The next question is at what point in the history of the Data Center are we comparing this too? Go back 10 years, and we had 17,000 real systems across the globe, and well over 5,000 in the biggest one. We had two 750 KVA UPS's loaded up.
Today we are using less than the full capacity of one UPS. Over the last year or so has been the real Go Big to Get Small effort, so that only about 2,000 devices in this one large DC. 4000 or so disk drives. That's easily 30 KW. A third of a watt per Gigabye, or over 300 watts per TeraByte!
Even worse: That capacity was sprayed all over the place: 38,000 square feet of data center, full to the rafters with old systems, each one an island of storage. Shared capacity was only on the NAS (of which there were many terabytes). Better than a bunch of cross mounted systems, but still not optimal.
No thin provisioning. No tiering. The system went as fast as the fastest disks you bought for it. If the system that was attached to the storage failed, and that storage and whatever it did for the business was unavailable. If it was something like a continuous Integration server, things could grind to a halt till the server was fixed, or the disks swapped to a working server, or some other similar thing.
Not everything could be HA when running amber waving fields of physical servers. Virtualize it. Consolidate it. Now everything has to be HA, but everything benefits from that. Not only is power being saved, and space reduced, and less CO2 emitted, the availability is *higher*.

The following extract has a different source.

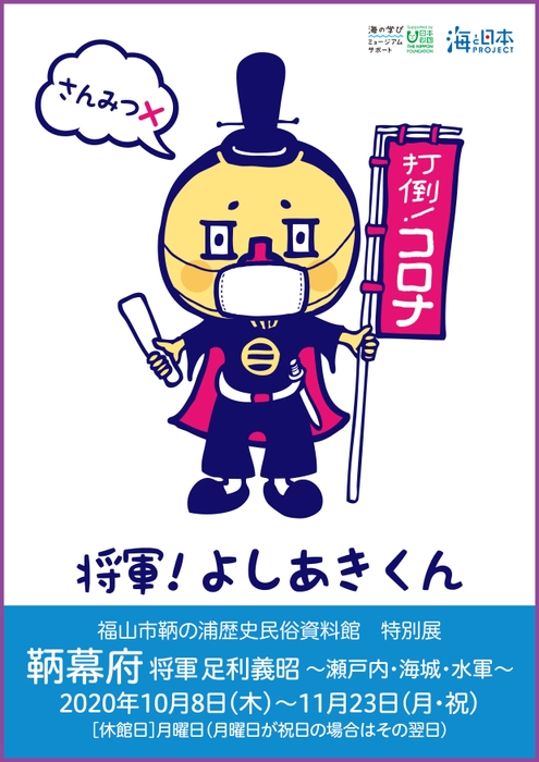 広島県福山市では、鞆の浦学園の子ども達が、鞆幕府・足利義昭について学び、「将軍・よしあきくん」の原画を考案しました。

Its also easier to find all your "Stuff". Its right there.
Pete and Repeat
I want to state again: not everything in the DC is Hitachi. I picked the VSP for this post because we have a lot of it, and it is a good example of what would be achieved with any Enterprise class storage. Had I picked IBM XIV, the details of how the storage is installed, how the controllers work, how the disks go in to the frame, and laid out would have been different. The point would be the same. Ditto any other Enterprise vendors gear. Go big and dense to achieve the goal. Make sure it is HA.
In another kind of repeat, if this all seems like we have been here before it it is because we have been. We just called it the mainframe back then. Therein lies the tale of the data center, and the redesign, and that's next.